The novel anticonvulsant levetiracetam (LEV) was tested for effects on bioelectric activity and intracellular pH (pHi) regulation of hippocampal CA3 neurons from adult guinea‐pigs. In 4‐aminopyridine‐treated slices, LEV (10–100 μM) reduced the frequency of action potentials and epileptiform bursts of CA3 neurons by 30–55%, while the shape of these potentials remained largely unchanged. Suppressive effects were reversed by an increase of pHi with trimethylamine (TMA). Using BCECF‐AM‐loaded slices, we found that LEV (10–50 μM) reversibly lowered neuronal steady‐state pHi by 0.19±0.07 pH units in the presence of extracellular CO2/HCO3− buffer. In the nominal absence of extracellular CO2/HCO3− or in Na+‐free CO2/HCO3−‐buffered solution, LEV had no effect on steady‐state pHi. Recovery of pHi subsequent to ammonium prepulses remained unchanged in the absence of CO2/HCO3− buffer, but was significantly reduced by LEV in the presence of CO2/HCO3− buffer. These findings show that LEV inhibits HCO3−‐dependent acid extrusion, but has no effect on Na+/H+ exchange. LEV did not affect Na+‐independent Cl−/HCO3− exchange because intracellular alkalosis upon withdrawal of extracellular Cl− remained unchanged. These data show that LEV at clinically relevant concentrations inhibits Na+‐dependent Cl−/HCO3− exchange, lowers neuronal pHi, and thereby may contribute to its anticonvulsive activity.

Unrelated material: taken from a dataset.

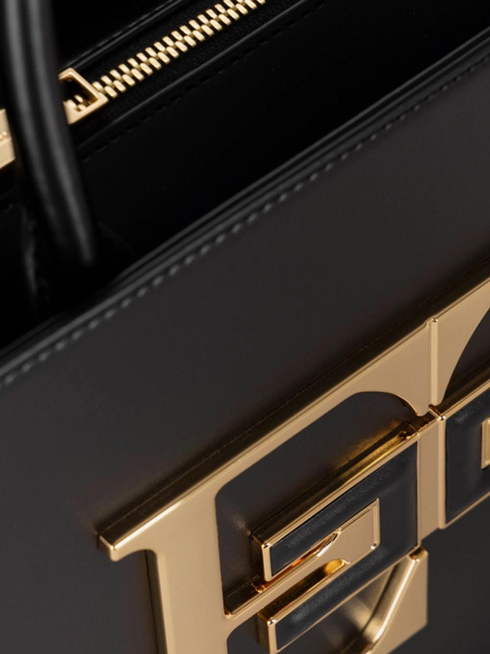 - È caratterizzata da maxi placca EF in metallo dorato e logo doppia C fasciato.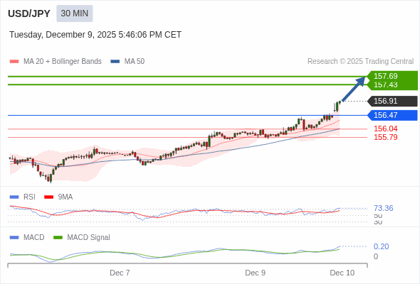 技术点评: RSI技术指标大于70。在这种情况下,说明有很强的上升趋势,或者意味着处在超买的状态下,可能会有向下的调整。我们将观察RSI技术指标是否出现背离现象。 MACD技术指标处在其信号线之上看多。 配置为正。 此外,价位高于其20天及50天移动平均线 ( 分别位于156.32 和156.06 )。 最后,价位突破其布林线通道上轨 (位于156.83。

Valproate acidifies hippocampal CA3-neurons—a novel mode of action

Various hypotheses try to explain the anticonvulsive and mood stabilizing effects of valproate. Among them, amplification of GABAergic inhibition and reduction of membrane excitability is favored. Here we show that superfusion with 0.1-1 mM valproate induced a moderate intracellular acidification of BCECF-AM-loaded CA3-neurons (hippocampal slices, guinea pig) which was measured as the difference between intracellular pH before (baseline pH(i)) and during valproate treatment (deltapH(i)). In two groups of neurons treated with 1 mM and 0.1-0.5 mM, deltapH(i) values amounted to 0.20 +/- 0.10 and 0.10 +/- 0.04 (deltapH(i) +/- S.D.), respectively, suggesting a dependence on the used valproate-concentration. DeltapH(i) did not correlate with the baseline pH(i). Furthermore, the acidification seems to be independent from an activation of postsynaptic GABA-A receptors, as it was not influenced by 0.1 mM picrotoxin. Since our previous studies clearly demonstrated a reduction of membrane excitability during moderate intracellular acidification, we suggest that the valproate-mediated intracellular acidification may substantially contribute to its anticonvulsive and mood stabilizing properties.